Build Your Skills Section in Minutes
Choosing the right skills and formatting them correctly takes time when you do it manually. FreeFreeCV's AI skill suggestions feature analyzes your target job description and recommends the highest-impact skills to include, matched to your experience and formatted for ATS compatibility.
Start with one of our professionally designed templates, paste in your target job description, and let the AI surface the skills that will get your resume past the filter and in front of a hiring manager. Your skills section is too important to leave to guesswork.
Frequently Asked Questions
How many skills should I list on my resume?
List 8-15 skills on your resume. Include a mix of hard skills (technical abilities) and soft skills (interpersonal abilities), with emphasis on hard skills that match the job description. Quality matters more than quantity — every skill should be relevant to the target role.
Should I list soft skills on my resume?
Include 2-3 soft skills that are specifically mentioned in the job description. However, prioritize hard skills because they are more easily verified and ATS systems primarily scan for technical competencies. Demonstrate soft skills through your experience bullets rather than just listing them.
How should I organize my skills section?
Group skills by category (e.g., Programming Languages, Design Tools, Data Analysis) rather than listing them as a flat list. Grouped skills are easier for both ATS systems and human recruiters to scan, and they demonstrate depth in specific areas.

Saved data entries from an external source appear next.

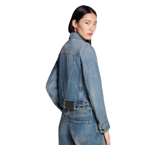This jacket is a timeless staple in washed denim detailed with yellow topstitching to highlight the construction. It is cut in a straight shape with a collar and two chest pockets, one of which is embellished with a seasonal LV sun patch. A Monogram canvas accent adds a final signature to the back of the waistband.
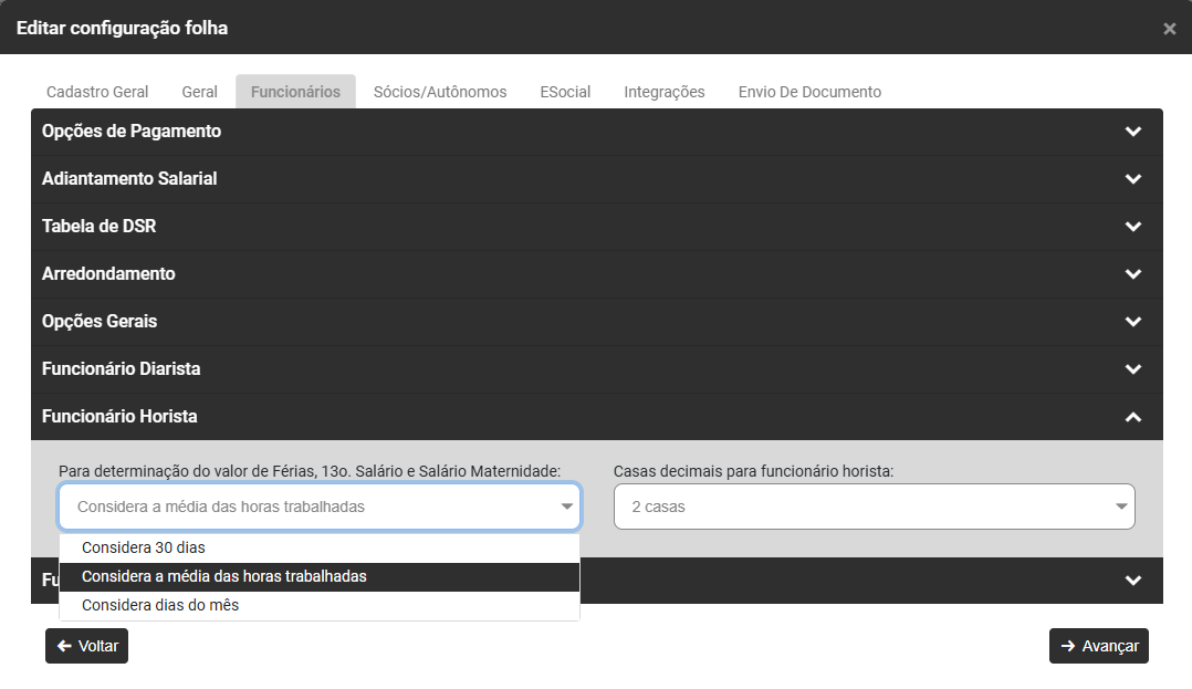 - Defina se para os funcionários horista deverá ser utilizada a quantidade de horas mês de contrato do mesmo
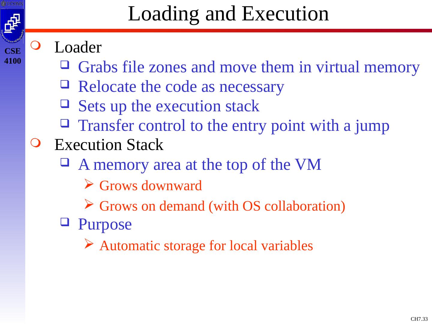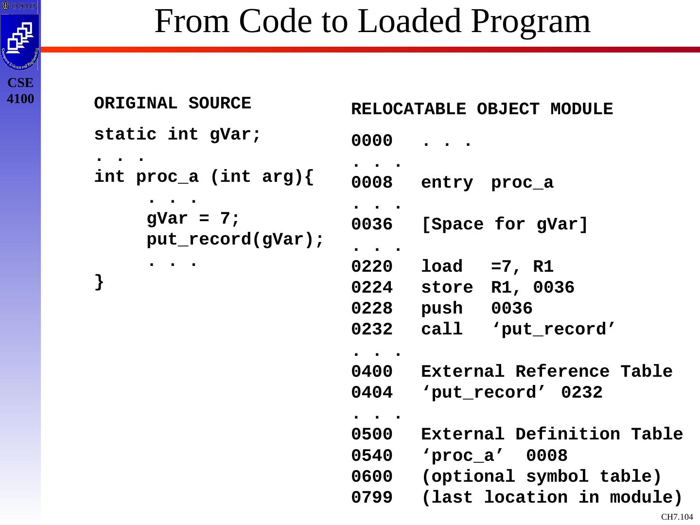 11 .From Code to Loaded Program ORIGINAL SOURCE static int gVar; . . . int proc_a (int arg){ . . . gVar = 7; put_record(gVar); . . . } RELOCATABLE OBJECT MODULE 0000 . . . . . . 0008 entry proc_a . . . 0036 [Space for gVar] . . . 0220 load =7, R1 0224 store R1, 0036 0228 push 0036 0232 call ‘put_record’ . . . 0400 External Reference Table 0404 ‘put_record’ 0232 . . . 0500 External Definition Table 0540 ‘proc_a’ 0008 0600 (optional symbol table) 0799 (last location in module)
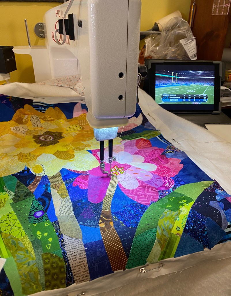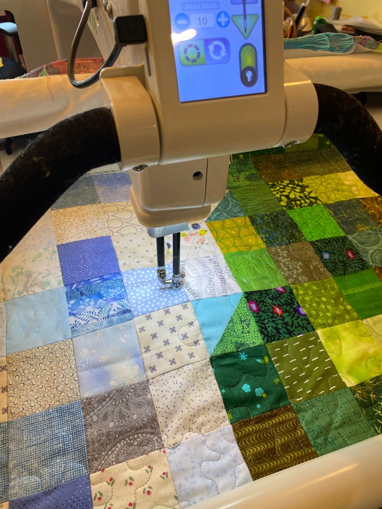 I started quilting on my HandiQuilter Sweet Sixteen. Lots of thread changes.

Should I include my skill level (beginner, intermediate, expert)?
Avoid rating your skills with subjective labels or progress bars. Recruiters find self-assessments unreliable, and ATS systems ignore them. Instead, demonstrate proficiency through your experience section — years of use, certifications, and specific achievements speak louder.
What skills should I remove from my resume?
Remove outdated skills (e.g., Microsoft Office basics, typing speed), skills irrelevant to the target role, and overly broad skills (e.g., 'computer skills,' 'people skills'). Also remove any skill you cannot discuss confidently in an interview.